Records from a dataset
Content starts

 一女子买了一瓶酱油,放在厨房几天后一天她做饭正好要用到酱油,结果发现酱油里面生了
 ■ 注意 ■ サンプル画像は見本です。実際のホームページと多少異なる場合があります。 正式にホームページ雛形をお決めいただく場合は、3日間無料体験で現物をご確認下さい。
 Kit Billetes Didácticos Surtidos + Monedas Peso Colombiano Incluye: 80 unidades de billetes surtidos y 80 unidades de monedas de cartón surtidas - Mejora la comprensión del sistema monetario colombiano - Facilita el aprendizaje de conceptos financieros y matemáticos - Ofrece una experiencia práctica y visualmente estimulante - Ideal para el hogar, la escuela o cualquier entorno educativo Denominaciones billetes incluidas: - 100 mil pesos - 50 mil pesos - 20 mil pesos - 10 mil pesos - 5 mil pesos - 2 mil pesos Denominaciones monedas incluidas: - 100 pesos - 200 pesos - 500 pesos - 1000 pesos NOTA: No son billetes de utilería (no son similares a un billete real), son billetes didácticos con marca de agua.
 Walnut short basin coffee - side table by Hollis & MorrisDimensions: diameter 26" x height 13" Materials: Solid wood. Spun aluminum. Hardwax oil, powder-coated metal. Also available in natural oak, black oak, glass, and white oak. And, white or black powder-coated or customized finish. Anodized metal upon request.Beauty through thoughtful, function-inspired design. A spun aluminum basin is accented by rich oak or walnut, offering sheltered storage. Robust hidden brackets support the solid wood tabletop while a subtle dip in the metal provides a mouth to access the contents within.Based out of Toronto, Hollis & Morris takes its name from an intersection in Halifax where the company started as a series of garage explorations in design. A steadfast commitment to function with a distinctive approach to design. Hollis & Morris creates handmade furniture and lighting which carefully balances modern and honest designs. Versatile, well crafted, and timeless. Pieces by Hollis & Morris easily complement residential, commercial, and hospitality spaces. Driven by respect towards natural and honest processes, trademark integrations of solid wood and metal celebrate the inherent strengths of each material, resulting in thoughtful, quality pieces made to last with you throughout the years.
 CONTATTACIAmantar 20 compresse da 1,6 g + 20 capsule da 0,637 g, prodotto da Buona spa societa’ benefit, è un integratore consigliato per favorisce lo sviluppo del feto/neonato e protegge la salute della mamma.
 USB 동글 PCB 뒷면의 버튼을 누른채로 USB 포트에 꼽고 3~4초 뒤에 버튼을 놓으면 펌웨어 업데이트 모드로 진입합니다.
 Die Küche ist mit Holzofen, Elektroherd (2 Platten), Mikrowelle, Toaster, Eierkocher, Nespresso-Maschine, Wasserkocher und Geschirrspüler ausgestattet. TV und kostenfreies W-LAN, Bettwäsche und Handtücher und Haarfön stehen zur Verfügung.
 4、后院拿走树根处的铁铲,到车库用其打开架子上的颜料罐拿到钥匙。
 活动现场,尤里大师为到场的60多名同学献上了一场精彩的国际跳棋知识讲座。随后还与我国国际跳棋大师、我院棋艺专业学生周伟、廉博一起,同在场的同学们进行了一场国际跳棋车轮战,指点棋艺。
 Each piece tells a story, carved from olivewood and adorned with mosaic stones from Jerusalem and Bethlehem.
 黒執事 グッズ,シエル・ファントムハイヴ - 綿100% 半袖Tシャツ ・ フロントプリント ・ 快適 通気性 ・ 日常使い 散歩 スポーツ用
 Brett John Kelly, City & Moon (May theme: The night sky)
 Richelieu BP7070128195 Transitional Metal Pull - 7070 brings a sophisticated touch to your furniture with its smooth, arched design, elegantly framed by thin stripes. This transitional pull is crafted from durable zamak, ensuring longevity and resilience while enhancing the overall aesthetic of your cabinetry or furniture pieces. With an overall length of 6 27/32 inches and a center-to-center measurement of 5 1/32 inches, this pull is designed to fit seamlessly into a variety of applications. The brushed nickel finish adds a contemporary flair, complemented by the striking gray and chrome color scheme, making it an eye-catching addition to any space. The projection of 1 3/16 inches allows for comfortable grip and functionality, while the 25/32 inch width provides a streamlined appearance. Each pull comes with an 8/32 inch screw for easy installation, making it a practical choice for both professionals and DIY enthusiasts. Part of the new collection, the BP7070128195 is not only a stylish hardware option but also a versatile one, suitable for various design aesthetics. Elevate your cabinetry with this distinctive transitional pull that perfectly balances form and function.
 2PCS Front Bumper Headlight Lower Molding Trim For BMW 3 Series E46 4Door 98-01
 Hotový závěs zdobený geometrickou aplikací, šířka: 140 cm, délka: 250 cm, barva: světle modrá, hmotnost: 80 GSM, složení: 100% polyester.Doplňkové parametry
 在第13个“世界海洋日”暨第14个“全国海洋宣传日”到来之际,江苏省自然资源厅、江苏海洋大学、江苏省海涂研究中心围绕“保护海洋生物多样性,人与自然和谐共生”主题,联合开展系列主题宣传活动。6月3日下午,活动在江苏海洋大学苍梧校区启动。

Content ends

• REQUIREMENT: Write out exactly the lines that begin at the one containing "Hotový závěs zdobený" and continue through the last line of the data, and only those.

• RESULT:
 Hotový závěs zdobený geometrickou aplikací, šířka: 140 cm, délka: 250 cm, barva: světle modrá, hmotnost: 80 GSM, složení: 100% polyester.Doplňkové parametry
 在第13个“世界海洋日”暨第14个“全国海洋宣传日”到来之际,江苏省自然资源厅、江苏海洋大学、江苏省海涂研究中心围绕“保护海洋生物多样性,人与自然和谐共生”主题,联合开展系列主题宣传活动。6月3日下午,活动在江苏海洋大学苍梧校区启动。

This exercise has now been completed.